A relação com o grupo nos possibilitou a compreensão de que é justamente a
força da interdição sócio-espacial que possibilita o fortalecimento de seu território, já que
este é o único espaço que lhes possibilita reconhecimento social, independentemente de
sua valoração moral. Nesse sentido, exclusão e apropriação espacial não se anulam em
campos oposicionais, pelo contrário, entrelaçam-se e potencializam-se numa espiral
constante e complementar, constituindo um território que é multidimensional.
Outro questionamento provocado pelo saber travesti às nossas bases conceituais
se relacionava ao poder. Inicialmente, nós concebíamos o poder atrelado às práticas do
grupo para a manutenção do território frente a outros grupos no sentido insider X outsider.
Entretanto, o território da prostituição travesti existe na medida em que ele contempla a
relação da comercialização dos serviços sexuais que se dá entre a travesti e seu cliente.
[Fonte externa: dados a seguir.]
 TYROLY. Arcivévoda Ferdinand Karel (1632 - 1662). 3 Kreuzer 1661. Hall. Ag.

Isso implica uma prática que envolve centro e margem de uma configuração de poder
que se apropria do espaço e o torna território.
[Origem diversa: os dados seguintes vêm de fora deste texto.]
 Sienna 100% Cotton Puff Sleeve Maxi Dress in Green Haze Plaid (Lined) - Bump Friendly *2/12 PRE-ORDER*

A travesti no território da prostituição representa o centro do poder porque através
de suas performances corporais desperta o desejo do cliente representado aqui como
margem da configuração do poder, já que ele a procura para viver o prazer interdito pela
sociedade heteronormativa. Este cliente faz parte da sociedade que as exclui, mas
simultaneamente, compõem o território da prostituição travesti numa situação de
subordinação. Além de temer ser identificado vivendo uma sexualidade disparatada, o
cliente deve contratar o preço e os serviços que envolvem o programa, embora possua
vantagens monetárias. Todavia, depois do contrato firmado, ocorre o deslocamento dos
corpos para locais privados onde as travestis deixam a centralidade da configuração de
poder e, muitas vezes, tornam-se vítimas da violência de seus clientes. Assim, o
deslocamento da mesma configuração para outros espaços reposiciona os sujeitos e,
portanto, o espaço segregado a que estão submetidas é, contraditoriamente, um elemento
ativo na composição do poder da travesti.
Após esta mediação da experiência travesti, passamos a conceber o território
composto de um poder multidirecional, intercambiado entreos sujeitos que compõem a
configuração que dá sentido à apropriação espacial. Portanto, argumentamos que território
se institui de plurilocalizações dos sujeitos que não são fixos em suas posições de centro
e margem, mas constantemente tensionados.
Depois de um tempo de convivência com o grupo nos foi possível perceber que o
território da prostituição travesti, além de lhes garantir a sobrevivência econômica, era
um importante elemento fundante de sua identidade. As entrevistas realizadas evidenciam
que as ruas em que se desenvolvem as atividades de prostituição em 86% das evocações
a seu respeito são importantes para sua existência. Deste percentual de evocações
relacionadas ao território da prostituição, 19% delas relacionam-se com o local possível
de construção de amizades e redes de solidariedade. Os outros 81% se relacionam com
a possibilidade de constituição do ser travesti que envolve tanto a adequação de
NABOZNY, A; SILVA, J. M; ORNAT, M. J. DESAFIOS À ANÁLISE DO ESTUDO
URBANO...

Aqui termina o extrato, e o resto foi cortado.